The Technoavia SM92 Finist is a utility aircraft with a STOL capability, designed by the Russian company Technoavia. The maiden flight was on 28 December 1993. It is built by the Smolensk Aviation Plant.

Variants 

 SM92 Finist
Basic version, powered by 270 kW (360 hp) Vedeneyev M14P radial engine.
 SM92P Finist
Armed version for Border guard duties.  Two fixed forward firing PK machine guns and one inside cabin firing through open cabin doors and two rocket launchers.
 SM-92T Turbo Finist
Version powered by Walter M601 turboprop engine.
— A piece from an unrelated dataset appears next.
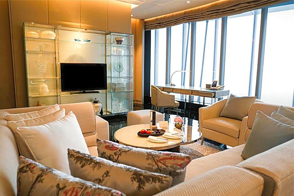 The J Hotel at Shanghai Tower offers a variety of rooms including suites such as the Grand Suite Bund View, J Suite, Jin Jiang Suite, and River View Suite. Double rooms like the Stateroom King, Skyline Room, and Premium Stateroom King are also available. Guests can expect spacious accommodations, with room sizes ranging from 657 sqft to 4090 sqft. Each room can accommodate up to 2 adults and 1 child, and smoking is not allowed in any of the rooms. Bed sizes predominantly feature King size beds, with some double bed options in the Twin room.

One prototype converted. 
 SMG-92 Turbine Finist
Walter M601 powered version built in Slovakia by Aerotech Slovakia for use in skydiving. At least six converted.
 Zlin Z400
Version powered by Orenda OE600 V-8 engine, planned to be built by Moravan Otrokovice in the Czech Republic. One built.
 Orbis Avia SM-92T
 SM-92T built by Czech aircraft manufacturer Orbis Avia. One built 2015, fitted with  GE H75 turboprop in 2017.

Operators

Russian Border Guards

Specifications (SM92)

References

 Hopkins, Harry. "Flight Test:Russian Workhorse". Flight International, 3–9 August 1994. pp. 32–34.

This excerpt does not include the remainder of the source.